Twenty

15.8K 2.3K 410
                                    

Kamu tidak membalas pesan Jongdae. Dan ini sudah dua minggu berlalu. Kamu masih takut untuk membalas pesan tersebut.

Jungwoo masih sering bertamu kerumah, atau sekedar mengirim pesan yang tentunya kamu balas. Dan soal lamaran yang Papa tanyakan, kamu sudah memberitahu jawabanmu.

Kamu berhenti. Benar-benar berhenti.

Berhenti untuk bertahan. Berhenti untuk berharap. Dan berhenti untuk menginginkan.

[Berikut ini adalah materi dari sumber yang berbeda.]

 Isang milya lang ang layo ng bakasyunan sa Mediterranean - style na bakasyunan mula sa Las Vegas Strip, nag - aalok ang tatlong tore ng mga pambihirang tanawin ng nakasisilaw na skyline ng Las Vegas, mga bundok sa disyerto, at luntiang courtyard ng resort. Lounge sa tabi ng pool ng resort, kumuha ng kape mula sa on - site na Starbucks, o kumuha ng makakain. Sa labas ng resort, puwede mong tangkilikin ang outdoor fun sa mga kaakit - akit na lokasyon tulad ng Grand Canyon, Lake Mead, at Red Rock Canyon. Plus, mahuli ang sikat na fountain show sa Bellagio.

Kamu membiarkan semuanya mengalir seperti yang seharusnya. Oh, satu informasi, sekarang kamu sudah bekerja menjadi editor di salah satu kantor majalah ternama.

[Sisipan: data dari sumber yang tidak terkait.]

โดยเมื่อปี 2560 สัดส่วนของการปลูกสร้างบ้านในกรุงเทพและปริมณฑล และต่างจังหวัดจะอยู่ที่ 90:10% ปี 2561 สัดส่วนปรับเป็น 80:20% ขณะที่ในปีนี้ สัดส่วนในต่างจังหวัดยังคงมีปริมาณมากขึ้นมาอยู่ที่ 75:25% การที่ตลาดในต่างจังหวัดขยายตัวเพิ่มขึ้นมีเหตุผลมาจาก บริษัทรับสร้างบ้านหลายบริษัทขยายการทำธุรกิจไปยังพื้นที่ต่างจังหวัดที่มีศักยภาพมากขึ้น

Kamu masih melamun hingga suara dering telepon membuyarkan lamunanmu.

"Assalamu'alaikum, Bang?"

"Dek, balik kerja jam berapa?"

"Jam empat. Kenapa?"

"Abang jemput. Papa bilang ada yang mau diomongin, sekeluarga."

Ada apa lagi?

"Yaudah iya."

Setelah panggilan terputus, kamu menatap lama layar ponselmu. Hanya satu pertanyaan dalam otakmu saat ini. Apa yang Papa rencanakan?

🍀

Setelah sampai rumah dan membersihkan diri. Kamu serta Abangmu segera menuju ruang keluarga. Duduk berdampingan di sofa sembari menunggu Papa selesai dengan koran sorenya.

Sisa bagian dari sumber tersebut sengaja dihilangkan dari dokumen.